Napoleon III fell in love with the Pyrenees and made several stays in the company of Empress Eugenie. His great work at Saint-Sauveur was the realization of an idea that was dear to him: connecting the two banks of the Gavarnie Gave by building a bridge. An "American" and a "wire" design were considered before finally designing a stone bridge of a single arch. Begun immediately, under the leadership of Mr. Bruniquel, Engineer of Roads and Bridges, the work lasted two years and was completed in June 1861. The deck of the bridge is 68 meters in length, and is located 63 m above the Gave. The arch that supports it is 42 m in diameter. The vault rests directly on the steep rocks that border the Gave. The height of the water level at the base of the vault is 40 m; it is 63 m at the keystone and 65 m at the bridge.

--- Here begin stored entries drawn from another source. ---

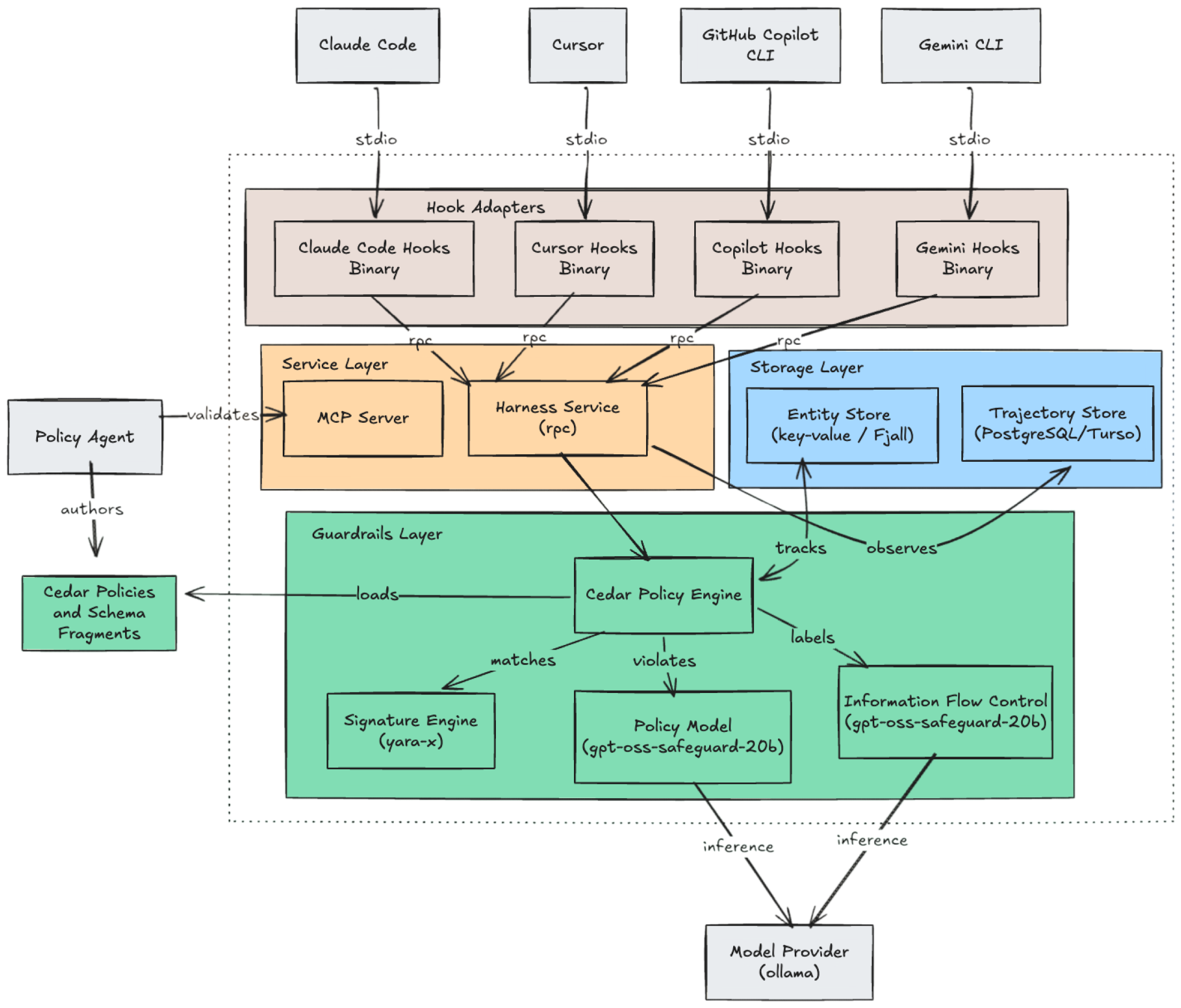 Before an event is serialized, the Harness Service passes the event through a Guardrails Layer to compute attributes using yara signatures, policy models, and information flow control models. Finally, the Cedar Policy Engine takes those context values and authorizes or blocks the event, while updating entity and trajectory stores for stateful bookkeeping.
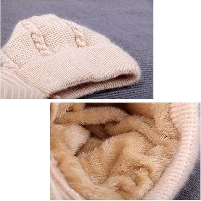 2 in 1 Windproof Scarf With Cap Integrated Ear Guard Hat Plus Velvet, Winter Warm Soft Knitted Beanie Hats Scarf- Woolen Lovely Muffler Fur Cap with Stylish Muffler Woolen Caps for Women & Girls
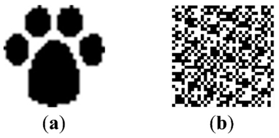 Before embedding the watermark, it is generally essential to employ encryption techniques to transform the watermark information into a chaotic state, thus enhancing the security of the watermark. The Arnold transform is a classic image scrambling encryption method based on the characteristics of the watermark digital matrix, it involves nonlinear mapping of pixel points within the watermark matrix to disrupt the watermark information, so as to disturb the information of the watermark, achieving an effect of encryption [33]. This method is widely used in watermarking research due to its simplicity, ease of implementation, and its ability to render the energy distribution of the watermarked image more uniform. For a watermark of , the Arnold scrambling Equation is as follows:
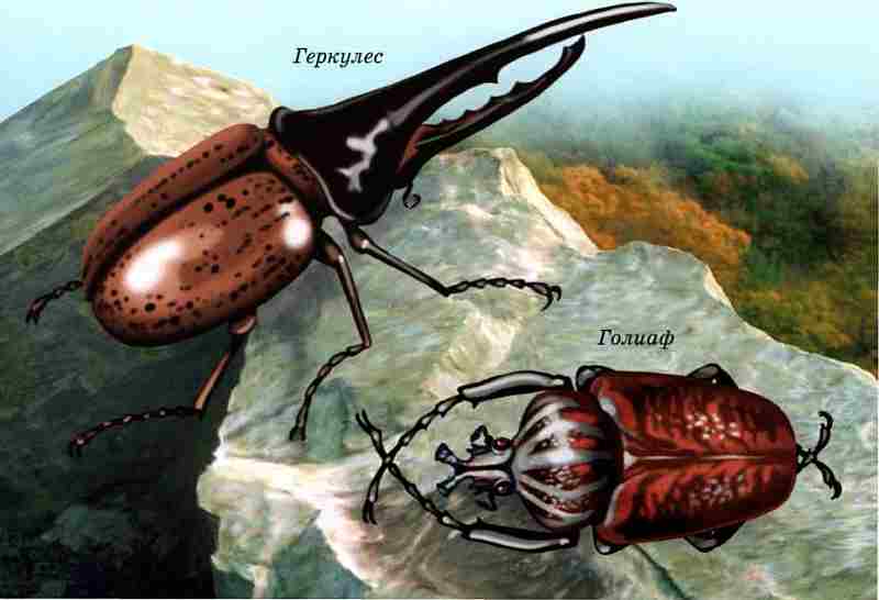 Самым большим жуком на планете считается жук-геркулес. Вместе со своими роговыми выростами он достигает длины 17,5 см! Этот жук обитает на Малых Антильских островах, в тропической Америке. Самка его поменьше, совсем черная и без выростов. Очевидно, выросты играют роль в соперничестве самцов за территорию и даму сердца, как и у наших жуков-оленей. В Бразилии обитает дровосек-титан (до 18 см); немногим уступает ему в размерах (до 14 см) дровосек-большезуб. Личинок таких гигантов местное население употребляет в пищу и считает лакомством. Яркая окраска большезуба является прекрасной маскировкой на стволах тропических деревьев. Подобным образом маскируется и жук-арлекин. Обитает он тоже в Бразилии.
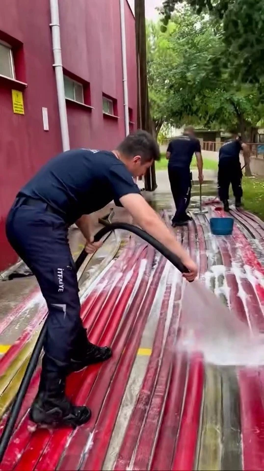 Bursa’da peş peşe çıkan orman yangınlarına itfaiye ekipleri günler süren müdahale sonrası kontrol altına aldı. Zorlu şartlar altında günlerdir alevlerle mücadele eden ekipler, görevlerinin ardından kullandıkları hortum ve ekipmanları detaylı şekilde temizledi. Yangın söndürme çalışmalarında yıpranan malzemelerin özenle yıkanması ve kontrol edilmesi, hem disiplinli çalışmanın hem de ekip ruhunun göstergesi oldu.
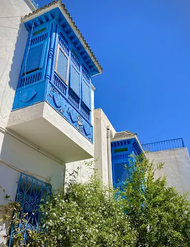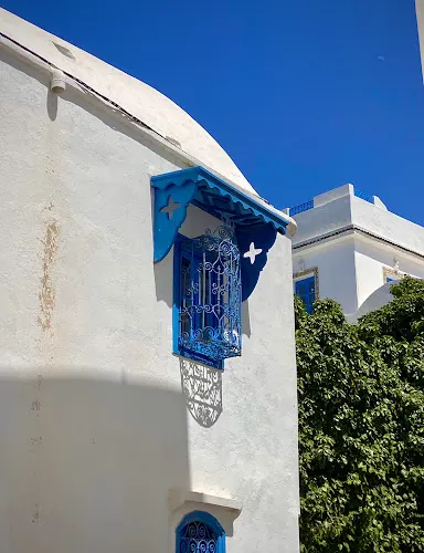西迪布賽義德沿著山勢蜿蜒而上,佈局簡單,一條鵝卵石鋪就的街道,兩邊是在陽光下閃閃發亮的白色房屋,也有些小巷從屋子內伸出去。房屋都只有二、三層樓高。而讓人感覺彷彿置身於童話的,是那白色牆上鑲嵌著的藍色的鐵窗和藍色的木門,蔓藤渦捲展現在鐵窗窗櫺之上,對稱而夢幻;門上的藍色銅釘則拼合出星星和月亮,還有弓箭、花卉等圖案,華麗而精美。
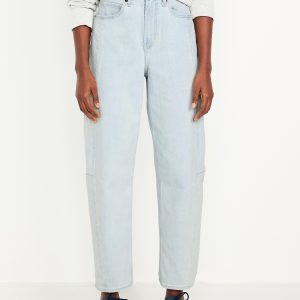 High-Waisted Barrel Ankle Jeans: A curved, tapered leg and proportion play from hip to hem.high waisted, zip fly, seamed barrel leg, #804566
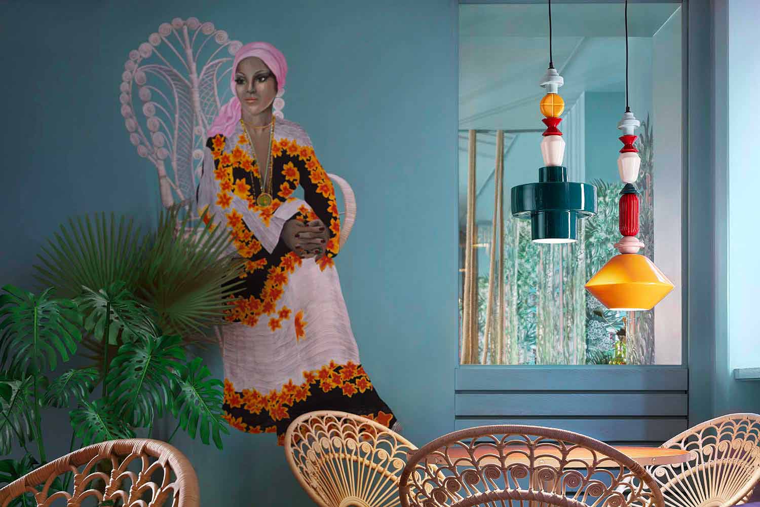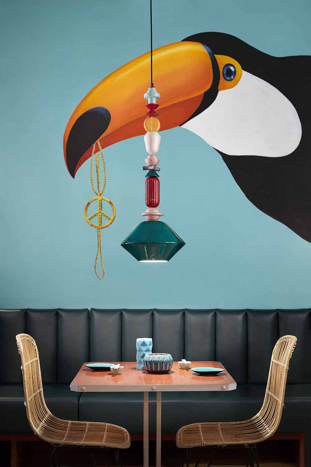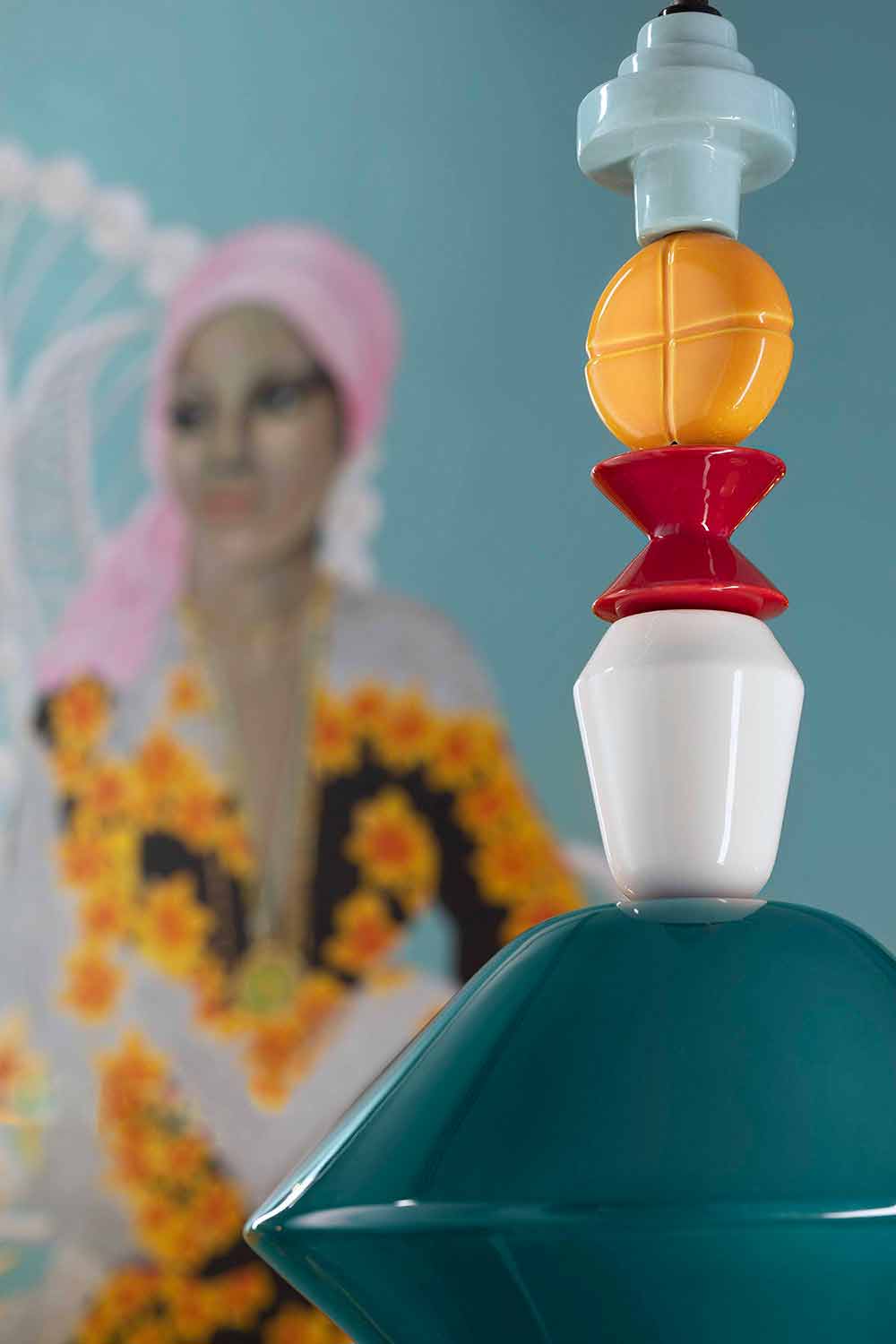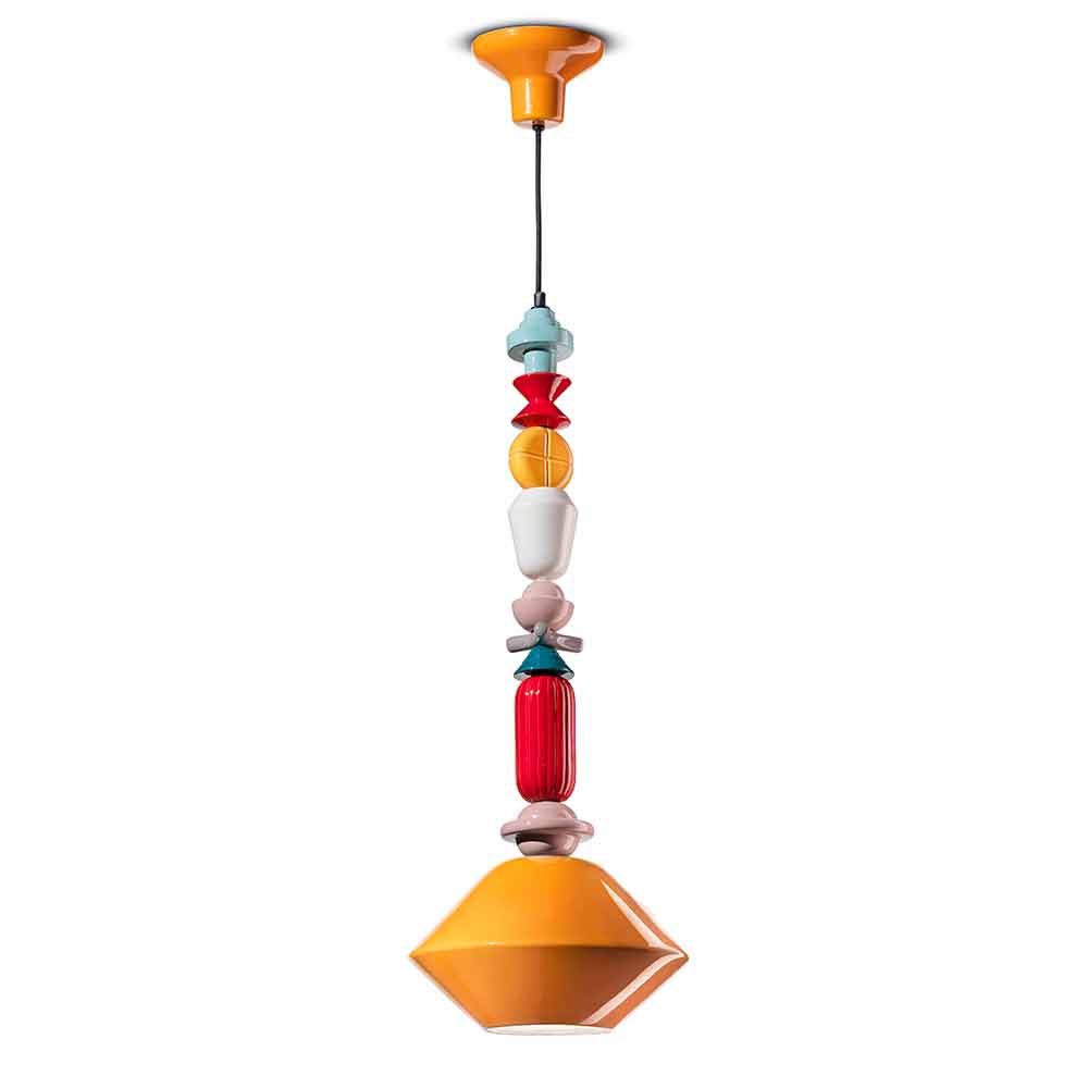 Lariat este o redare unică și deosebită a elementelor ceramice multicolore care se succed vertical până la difuzorul central.

To commemorate the memory of the Emperor's stay and its benefits, the Barèges Valley Trade Union Committee erected a column 12 m high, surmounted by a colossal eagle, at the eastern end of the bridge. The column, consisting of 14 rings, is made of Lourdes stone. The eagle was made at the marble factory of Bagneres. The total height, eagle included, is 14 m. The column bears the inscription: "To their imperial Majesties Napoleon III and the Empress Eugénie, the inhabitants of LUZ St. SAVIOR is grateful".

The bridge was open to traffic in 1861 and in September 1863, Napoleon III finally inaugurated the bridge.